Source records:
§ §
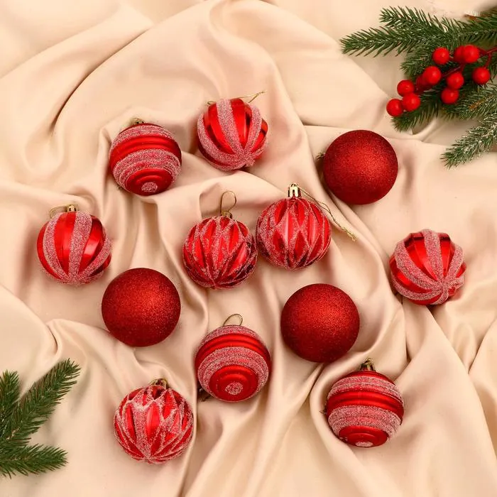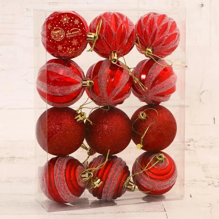 Ёлочнеы игрушки «Краски праздника», шары новогодние, d=6 см, набор 12 шт., полосы, красный — Характеристики
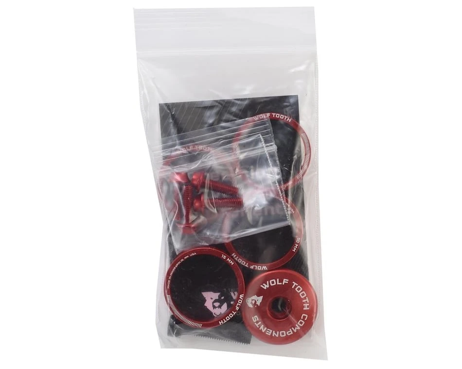 Add style to your bike with the Wolf Tooth Anodized Bling Kit. Including headset spacers of varied sizes, a matching stem cap, and four aluminum water bottle cage bolts, these precision machined aluminum parts will bring a lot of style to your ride.
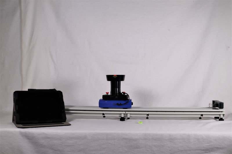 Der Ballistik-Aufsatz von PASCO wird über ein Klinkenkabel mit dem Smart-Cart verbunden. Über die Sparkview-App kann anschließend das Smart-Cart über Bluetooth mit einem Tablet verbunden werden. Für das Ballistik-Zubehör existiert ein eigenes Fenster, über das ein Timer eingestellt oder das Katapult direkt ausgelöst werden kann. Das Katapult wird aktiviert, indem man den Ball in die Öffnung nach unten drückt und somit eine Feder spannt. Für die Aufnahme kann es hilfreich sein, wenn das Raumlicht ausgeschaltet wird.
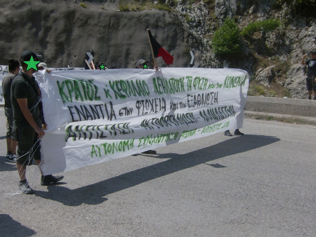 Σε μια εποχή που η κρατική και καπιταλιστική βαρβαρότητα επιχειρεί να διαλύσει τις ζωές των εργατών, των ανέργων, των φτωχών και πληβείων της κοινωνίας, σε μια εποχή που καμία κυβέρνηση, κόμμα, κοινοβούλιο και διαμεσολαβητικός μηχανισμός δεν μπορούν να υποσχεθούν παρά μόνο υποταγή και εξαθλίωση, θέλουμε και πρέπει να αναπτύξουμε σε κάθε κοινωνικό χώρο, στις πόλεις και τα χωριά, στους χώρους εκμετάλλευσης, στις γειτονιές, στα σχολεία και τις σχολές, αυτοοργανωμένες δομές αγώνα και αλληλεγγύης και να κρατήσουμε ανοιχτά τα μονοπάτια του αγώνα για την προάσπιση του φυσικού κόσμου.
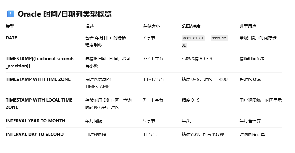 先附上chatgpt关于oracle时间列类型的介绍
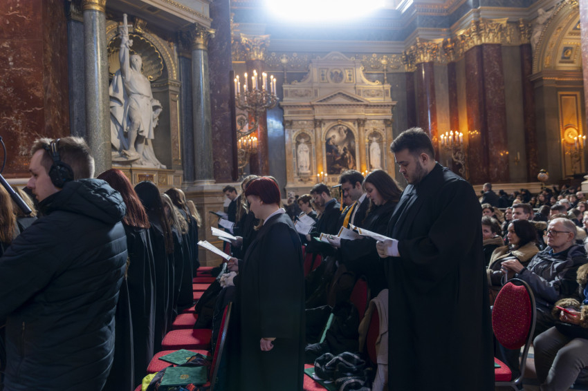 A bazilikában átvett oklevelek így egyszerre jelentették a lezárást és a kezdetet is. Lezárult egy meghatározó életszakasz, amelynek évei alatt a megszerzett tudás most kézzelfogható formát öltött – és kezdetét vette egy másik, amelyben már mindenkinek saját döntései adják meg az irányt. A Pázmány BTK friss diplomásai azonban nem üres kézzel lépnek tovább: magukkal viszik azt a hitet, közösséget és szemléletet is, amely az egyetemen eltöltött években formálódott bennük, és amely a jövő bizonytalanabb pillanataiban is tájékozódási pont maradhat.
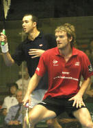 Thu 2nd: Round Two, the Last 16: bt [1] Peter Nicol (ENG) 9/11, 11/5, 11/10 (2-0), 8/11, 11/6 (63m) [8] Nick Matthew (ENG) bt [10] Gregory Gaultier (FRA) 11/7, 6/11, 8/11, 11/3, 11/7 (83m) [4] David Palmer (AUS) bt [Q] Hisham Ashour (EGY) 10/11 (0-2), 11/4, 11/5, 11/9 (30m) [6] Jonathon Power (CAN) bt [11] Joseph Kneipp (AUS) 11/2, 11/9, 11/10 (8-6) 55m) [7] Amr Shabana (Egy) bt [13] James Willstrop 5/11, 4/11, 11/9, 11/6, 11/8 (49m) [3] Thierry Lincou (Fra) bt Paul Price (Aus) 11/9, 11/7, 11/6 (32m) [5] John White (Sco) bt Ong Beng Hee (Mas) 11/4, 11/5, 10/11 (1-3), 11/8 (49m) [2] Lee Beachill (Eng) bt [9] Karim Darwish (Egy) 11/9, 10/11 (0-2), 11/7, 11/6 (43m) |
§ §
Prompt: All entries above are to be reproduced exactly, with no pictures.

Task response:
 Ёлочнеы игрушки «Краски праздника», шары новогодние, d=6 см, набор 12 шт., полосы, красный — Характеристики
 Add style to your bike with the Wolf Tooth Anodized Bling Kit. Including headset spacers of varied sizes, a matching stem cap, and four aluminum water bottle cage bolts, these precision machined aluminum parts will bring a lot of style to your ride.
 Der Ballistik-Aufsatz von PASCO wird über ein Klinkenkabel mit dem Smart-Cart verbunden. Über die Sparkview-App kann anschließend das Smart-Cart über Bluetooth mit einem Tablet verbunden werden. Für das Ballistik-Zubehör existiert ein eigenes Fenster, über das ein Timer eingestellt oder das Katapult direkt ausgelöst werden kann. Das Katapult wird aktiviert, indem man den Ball in die Öffnung nach unten drückt und somit eine Feder spannt. Für die Aufnahme kann es hilfreich sein, wenn das Raumlicht ausgeschaltet wird.
 Σε μια εποχή που η κρατική και καπιταλιστική βαρβαρότητα επιχειρεί να διαλύσει τις ζωές των εργατών, των ανέργων, των φτωχών και πληβείων της κοινωνίας, σε μια εποχή που καμία κυβέρνηση, κόμμα, κοινοβούλιο και διαμεσολαβητικός μηχανισμός δεν μπορούν να υποσχεθούν παρά μόνο υποταγή και εξαθλίωση, θέλουμε και πρέπει να αναπτύξουμε σε κάθε κοινωνικό χώρο, στις πόλεις και τα χωριά, στους χώρους εκμετάλλευσης, στις γειτονιές, στα σχολεία και τις σχολές, αυτοοργανωμένες δομές αγώνα και αλληλεγγύης και να κρατήσουμε ανοιχτά τα μονοπάτια του αγώνα για την προάσπιση του φυσικού κόσμου.
 先附上chatgpt关于oracle时间列类型的介绍
 A bazilikában átvett oklevelek így egyszerre jelentették a lezárást és a kezdetet is. Lezárult egy meghatározó életszakasz, amelynek évei alatt a megszerzett tudás most kézzelfogható formát öltött – és kezdetét vette egy másik, amelyben már mindenkinek saját döntései adják meg az irányt. A Pázmány BTK friss diplomásai azonban nem üres kézzel lépnek tovább: magukkal viszik azt a hitet, közösséget és szemléletet is, amely az egyetemen eltöltött években formálódott bennük, és amely a jövő bizonytalanabb pillanataiban is tájékozódási pont maradhat.
 Thu 2nd: Round Two, the Last 16: bt [1] Peter Nicol (ENG) 9/11, 11/5, 11/10 (2-0), 8/11, 11/6 (63m) [8] Nick Matthew (ENG) bt [10] Gregory Gaultier (FRA) 11/7, 6/11, 8/11, 11/3, 11/7 (83m) [4] David Palmer (AUS) bt [Q] Hisham Ashour (EGY) 10/11 (0-2), 11/4, 11/5, 11/9 (30m) [6] Jonathon Power (CAN) bt [11] Joseph Kneipp (AUS) 11/2, 11/9, 11/10 (8-6) 55m) [7] Amr Shabana (Egy) bt [13] James Willstrop 5/11, 4/11, 11/9, 11/6, 11/8 (49m) [3] Thierry Lincou (Fra) bt Paul Price (Aus) 11/9, 11/7, 11/6 (32m) [5] John White (Sco) bt Ong Beng Hee (Mas) 11/4, 11/5, 10/11 (1-3), 11/8 (49m) [2] Lee Beachill (Eng) bt [9] Karim Darwish (Egy) 11/9, 10/11 (0-2), 11/7, 11/6 (43m) |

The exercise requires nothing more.